* Assignment
What is needed is an exact reproduction of the lines from the one that contains "Alla TRUE -document" through the end of the data, both included and nothing else, with pictures omitted.

* Dataset extract
• • •

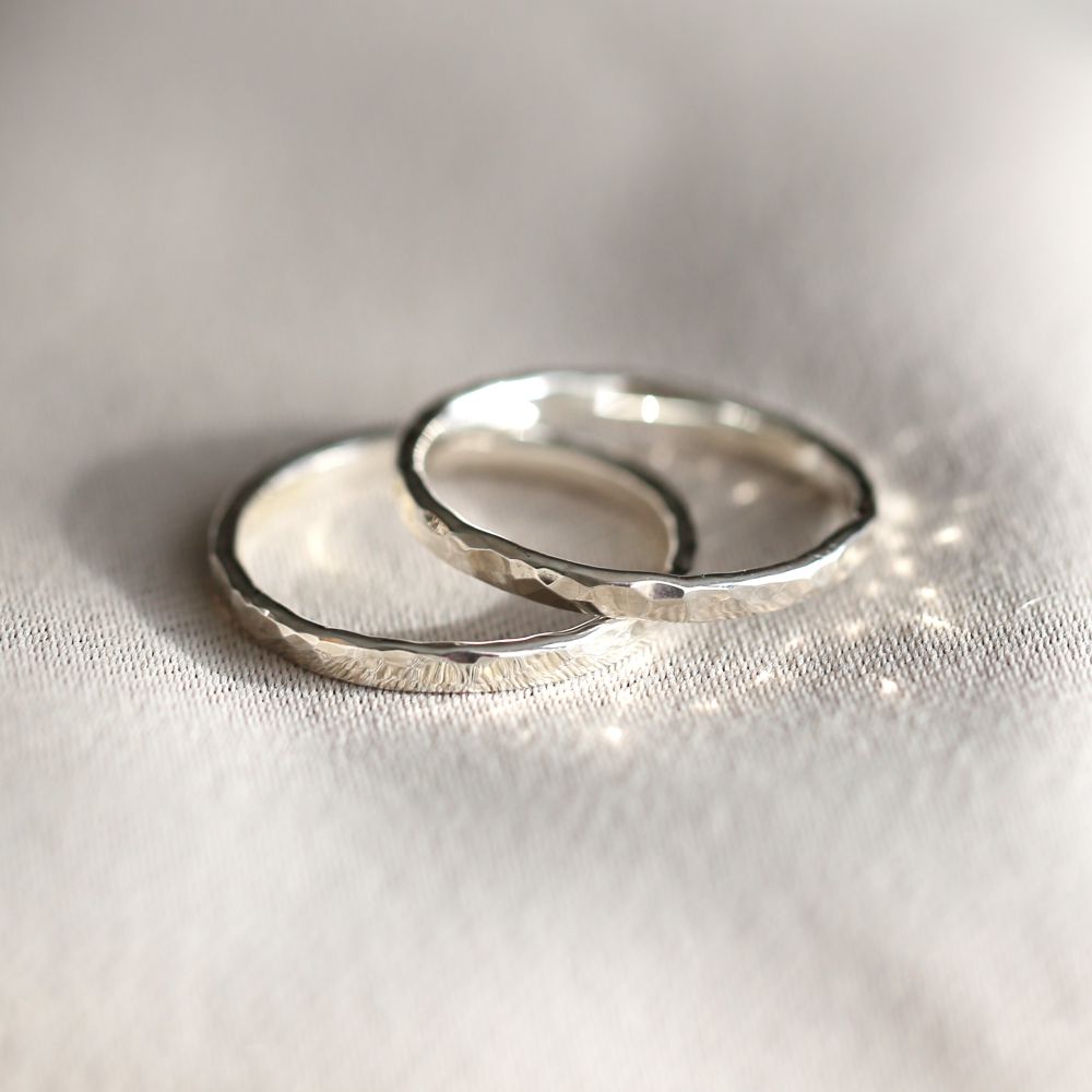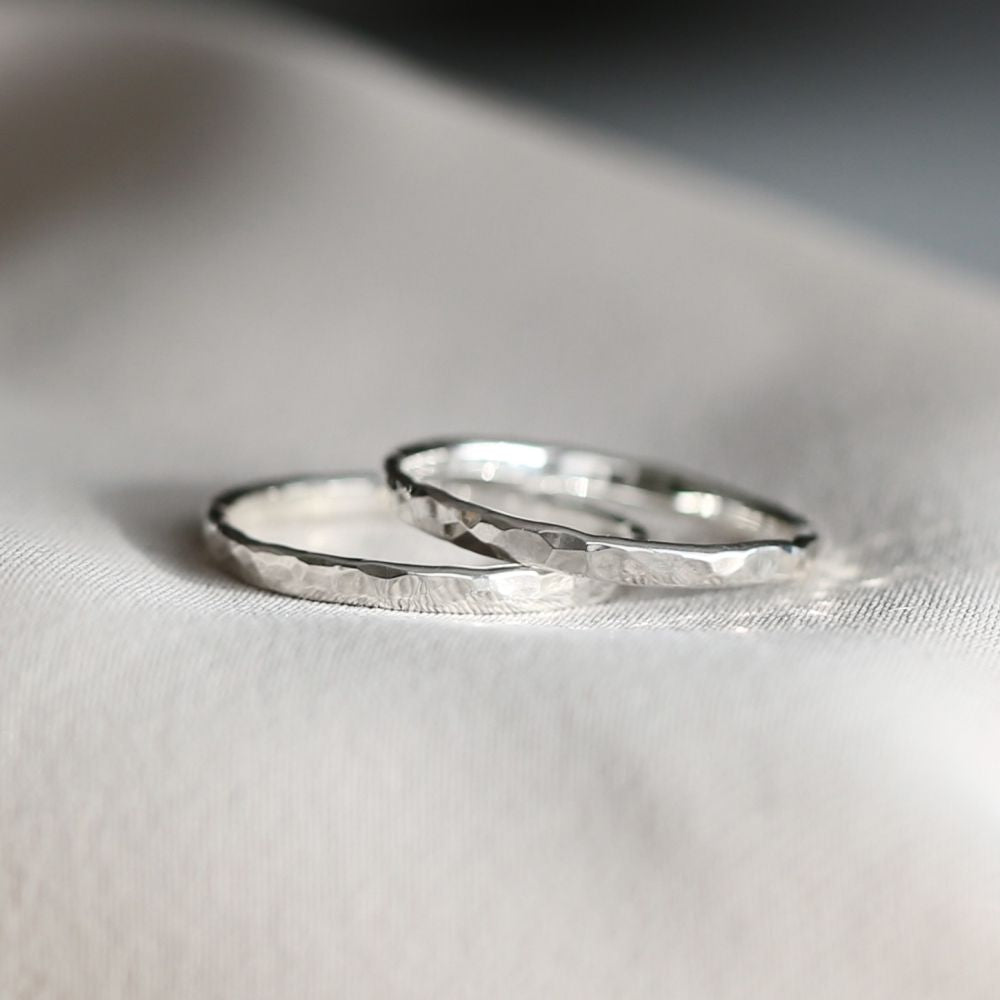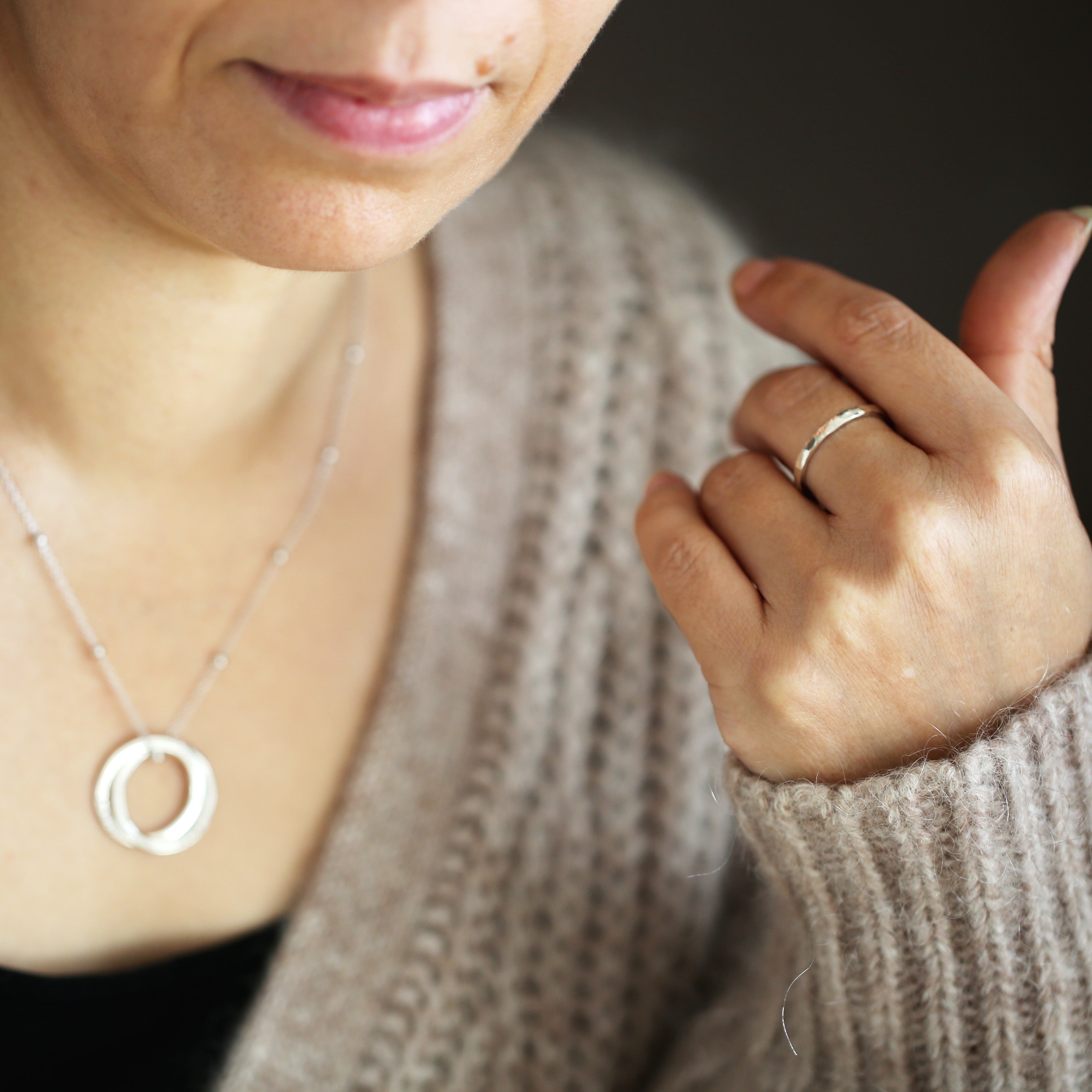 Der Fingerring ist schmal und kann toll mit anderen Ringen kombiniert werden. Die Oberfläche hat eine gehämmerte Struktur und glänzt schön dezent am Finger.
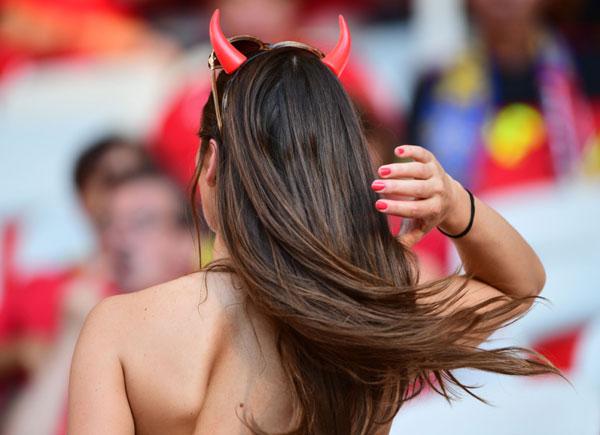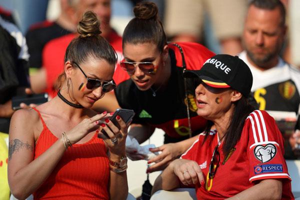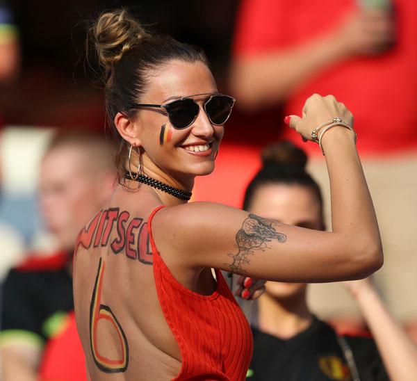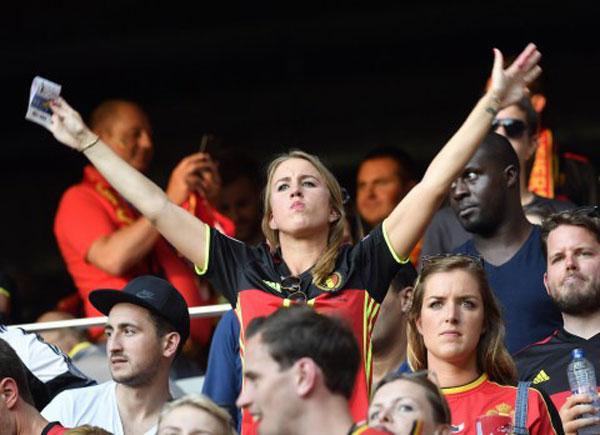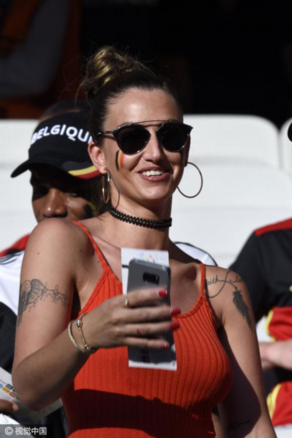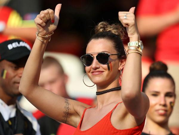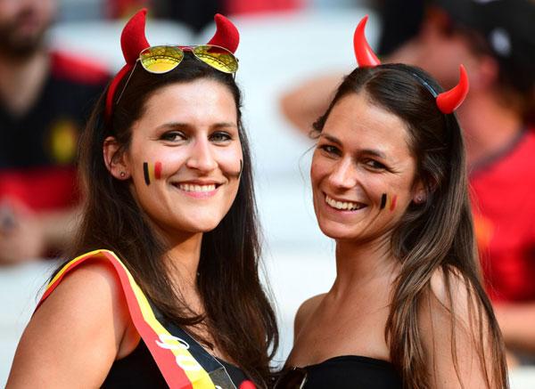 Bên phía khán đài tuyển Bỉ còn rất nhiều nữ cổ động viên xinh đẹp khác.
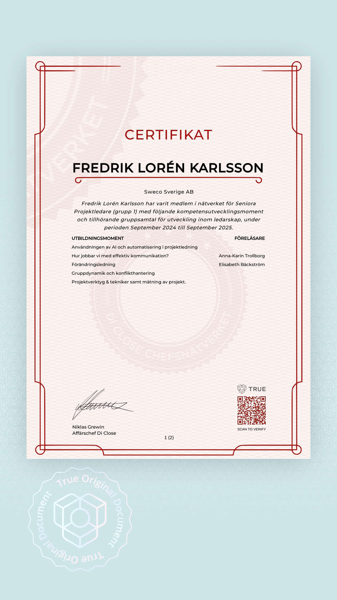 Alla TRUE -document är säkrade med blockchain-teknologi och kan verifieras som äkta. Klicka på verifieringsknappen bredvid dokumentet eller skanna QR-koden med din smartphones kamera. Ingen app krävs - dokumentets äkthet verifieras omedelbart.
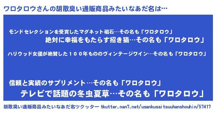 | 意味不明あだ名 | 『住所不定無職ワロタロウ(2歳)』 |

• • •

* Output of the exercise
 Alla TRUE -document är säkrade med blockchain-teknologi och kan verifieras som äkta. Klicka på verifieringsknappen bredvid dokumentet eller skanna QR-koden med din smartphones kamera. Ingen app krävs - dokumentets äkthet verifieras omedelbart.
 | 意味不明あだ名 | 『住所不定無職ワロタロウ(2歳)』 |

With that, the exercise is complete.